Educational implications of a comprehension impairment
The good comprehenders obtained significantly higher scores than the poor comprehenders on all SAT
measures. The standardized scores obtained on the three different assessments of reasoning ability revealed
age-appropriate performance in verbal, non-verbal and quantitative skills for good and poor comprehenders.
However, there was a significant difference between the good and poor comprehenders on the measure of
verbal reasoning. Correlation analyses revealed that verbal reasoning was significantly related to SAT
performance. It was also significantly correlated with both concurrent comprehension, and comprehension
three years later. One factor that might underpin the relation between verbal reasoning and these other
measures is verbal working memory, a skill that is associated with good comprehension. There was little
evidence for that. When working memory scores were partialled out, there were significant correlation
between Time 3 verbal reason comprehension, SATs English and science, although the correlation between
verbal reasoning and SAT maths no longer reached significance.
Discussion
Children with reading comprehension problems presented deficits on a range of literacy assessments
associated with the meaning-based aspects of reading. We did not find consistent deficits associated with poor
reading comprehension (substantial heterogeneity within the population). Although poor comprehenders in
general may suffer from weak monitoring skills or inferior inference marking ability, some poor comprehenders
demonstrate average or even good performance on these tasks relative to peers.
There were no significant differences between good and poor comprehenders knowledge of the meaning of
single written words or grammatical structures.
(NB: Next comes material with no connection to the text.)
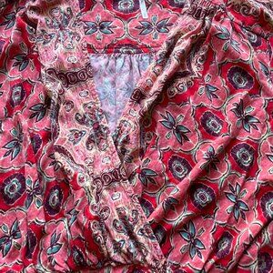 Free People Womens Large Red/Pink Floral Boho Vneck Blouse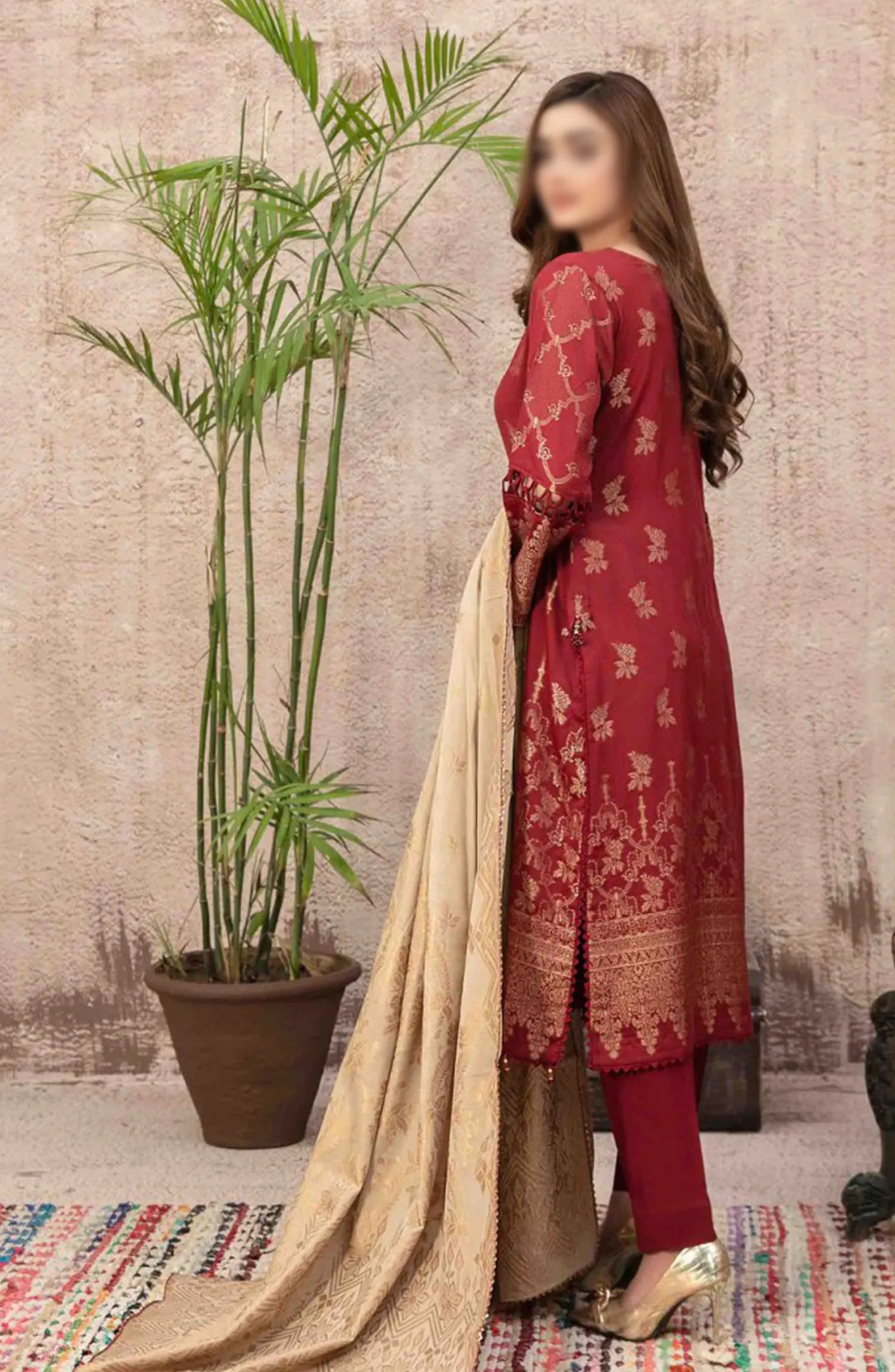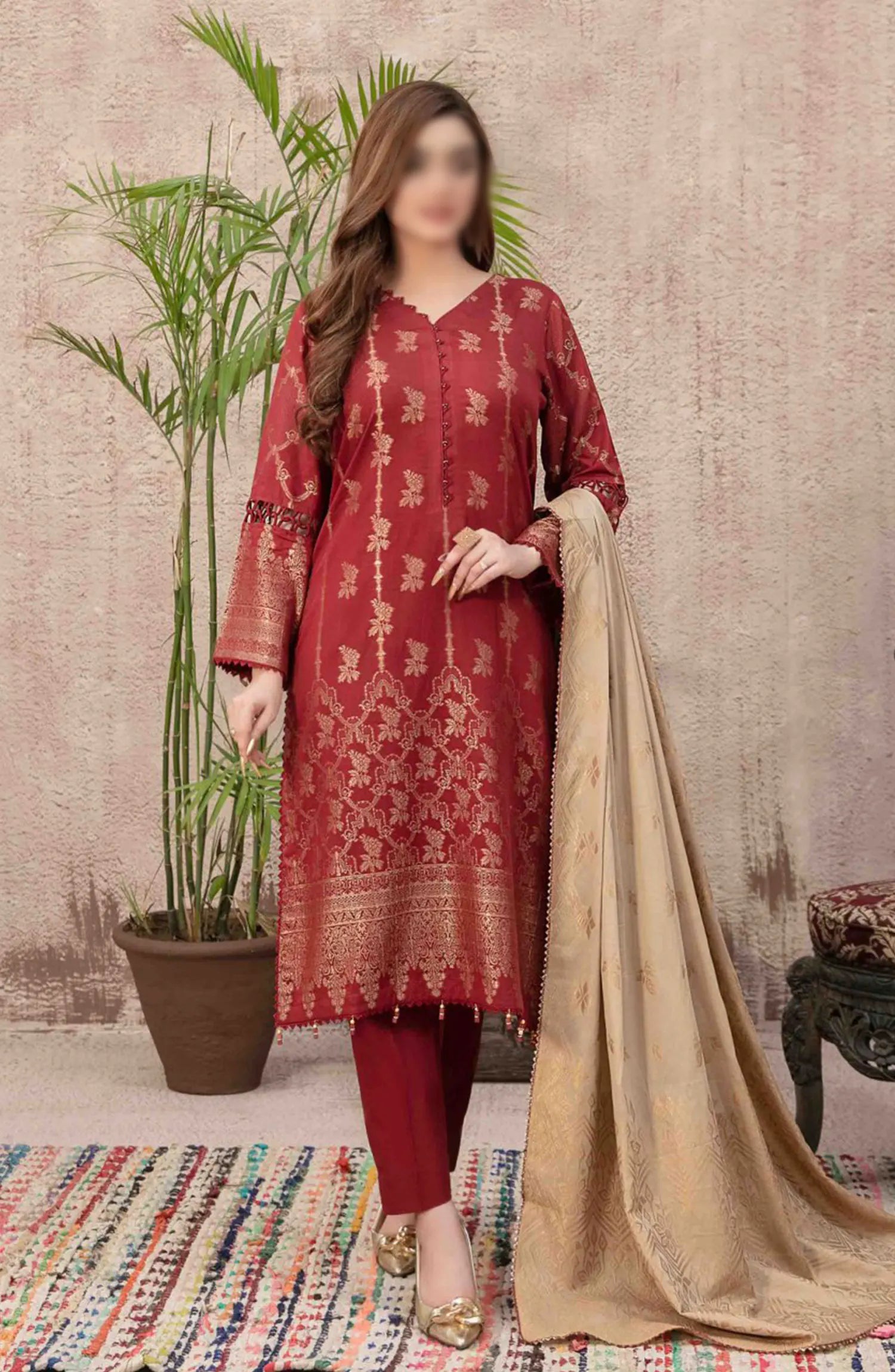 Meeras by Johra Embroidered Winter Fabric Unstitched 3 Piece Suit - JW-691 - JH25MEER - Maroon - Winter Collection

We can speculate that some children in our sample might have
experienced problems in their processing of text because of weak word or sentence level skills, whilst others
may have been limited by weak higher order processing skills.
There was no clear fundamental weakness apparent (results of profiling). This indicates that group comparisons
may obscure crucial weaknesses in the individual. This indicates that reading comprehension level can be
determined by many different language and cognitive factors. Better investigate the interaction between
language and cognitive abilities, rather than a focus on lower- or higher-level reading related skills.
There was no evidence that poor comprehenders with low cognitive or vocabulary skills were more severely
impaired on concurrent measures of language and literacy than their more able peers. Cognitive and verbal
skills do not appear to be prerequisites for the attainment of age-appropriate reading comprehension in the
early stages of reading. However, initial levels of cognitive ability were related to growth in their reading
comprehension and initial levels of receptive vocabulary were related to growth in word reading indicating that
cognitive ability and vocabulary skills act as facilitators of comprehension and word reading.
General information processing an reasoning capacity could underpin growth in text processing skill. There
were no evidence that the good and poor comprehenders differed in reasoning skill in general, when age 11. A
significant and sizable group difference was only found on the measure of verbal reasoning. It may be that poor
comprehenders have an impairment with processing complex information in the verbal domain, but not a
general reasoning impairment.
Vocabulary is associated with good text comprehension, but there is evidence for a relation with word reading
as well. There are strong correlations between vocabulary knowledge and word decoding skill in poor readers.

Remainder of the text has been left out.